Barbiturate use in procedural sedation has declined dramatically with the rising popularity of etomidate and propofol. Methohexital, the most commonly used barbiturate, has a quick onset and short duration; however, it can precipitate seizures in a small percentage of patients.18 Rectal use of methohexital is reliable and effective and may be an option in selected patients. Another attractive feature for methohexital is the extremely low cost compared to many other options. Pentobarbital is sometimes used for pediatric procedural sedation, but its long recovery time is associated with adverse effects, including agitation.61

Midazolam

When administered intravenously or intranasally, midazolam achieves hypnosis, anxiolysis, and amnesia within minutes and is usually eliminated within one hour.61 When given orally, onset and duration are unpredictably prolonged due to first pass metabolism.18 Midazolam can cause respiratory depression, hypotension, and paradoxical excitement.24 Its effects can be reversed with flumazenil. The main disadvantage of midazolam is the extreme variability in patient dosing and effect. In addition, many pediatric patients will have a paradoxical increased agitation at recommended doses. Midazolam also has no analgesic properties, so it must be combined with an analgesic.

Opioids

Opioids are commonly used for sedation due to their analgesic properties as well as their ability to potentiate the effect of other sedatives. Fentanyl is the most commonly used opioid for procedural sedation because it has a short duration of action and less histamine release than either hydromorphone or morphine.61 Compared with other opiates, fentanyl causes less emesis, pruritus, and hypotension. Respiratory depression, bradycardia, and hypotension are key adverse effects. Remifentanil and alfentanil are even shorter acting than fentanyl and will likely be used more commonly for short procedures in the future.24 Naloxone reverses the effects of opiates.
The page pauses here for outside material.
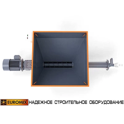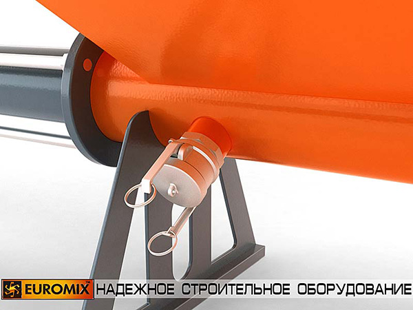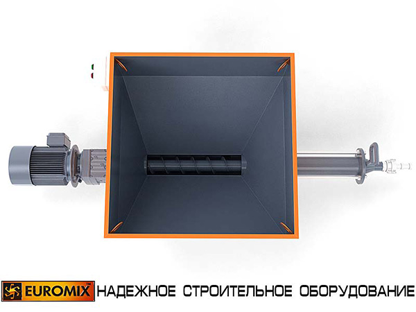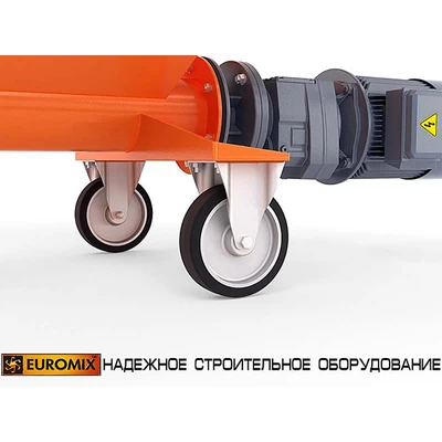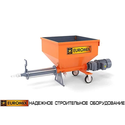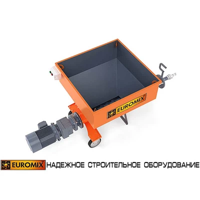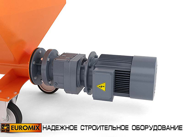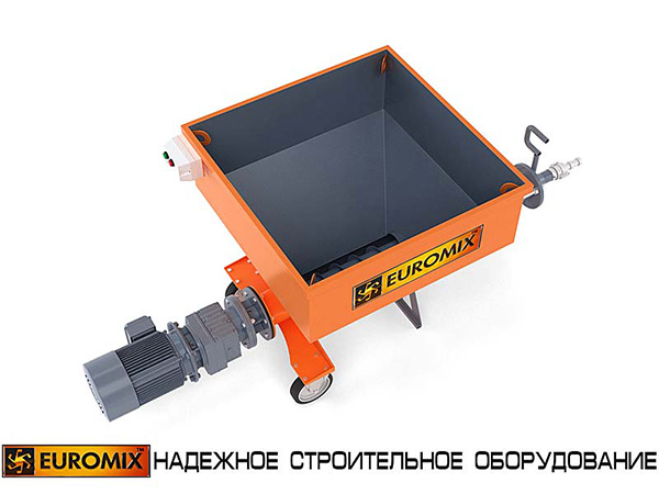Ротор приводится в действие мотор-редуктором. Присоединение резинового шланга (растворопровода) осуществляется при помощи быстроразборного соединения типа СAMLOCK. Помимо героторного механизма, насосы EUROMIX 400.8.300 комплектуются бункерами-накопителями для приема материала из смесительной установки. Насос монтируется на колесном шасси с дополнительными опорами.

Specific Combination Agents

Recent literature has called into question the broad use of midazolam with fentanyl.1 Midazolam's slower onset and long duration of action have been shown to delay recovery, discharge home, and return to daily living.75 Additionally, when combined with opiates, synergic hemodynamic and respiratory depression has been observed.40 Along those same lines, the combination of benzodiazepines and opiates is associated with a greater risk of respiratory compromise than midazolam alone or midazolam with ketamine.76 Lastly, multiple studies have provided further evidence emphasizing that the use of multiple sedative agents is associated with more frequent adverse events.20,21,41,77,78

Ketamine and Propofol. The combination of decreased doses of ketamine and propofol has become popular for procedural sedation. Theoretically, this combination agent should take advantage of the seemingly synergistic and complimentary effects of ketamine and propofol. Ketamine's association with the release of endogenous catecholamines should counterbalance the hypotension seen with propofol, and the antiemetic effects of propofol should prevent the emesis seen with ketamine.79 However, the literature has yet to show a significant outcomes benefit with this combination.80-85 Ketamine and propofol are typically combined as a 1:1 ratio (0.5 mg/kg each) in one syringe, but the ratio of the two drugs can be adjusted to target more sedation or dissociation.

Recovery and Discharge

Complications during procedural sedation are more likely to occur immediately after completion of the procedure and removal of the noxious stimulus. Observational studies of ED procedural sedation indicate that no adverse events were observed after 25 minutes had elapsed after the last sedative dose in children86 and 12 minutes in adults.87 Patient monitoring must continue until cardiorespiratory stability is ensured and the patient's mental status has returned to baseline.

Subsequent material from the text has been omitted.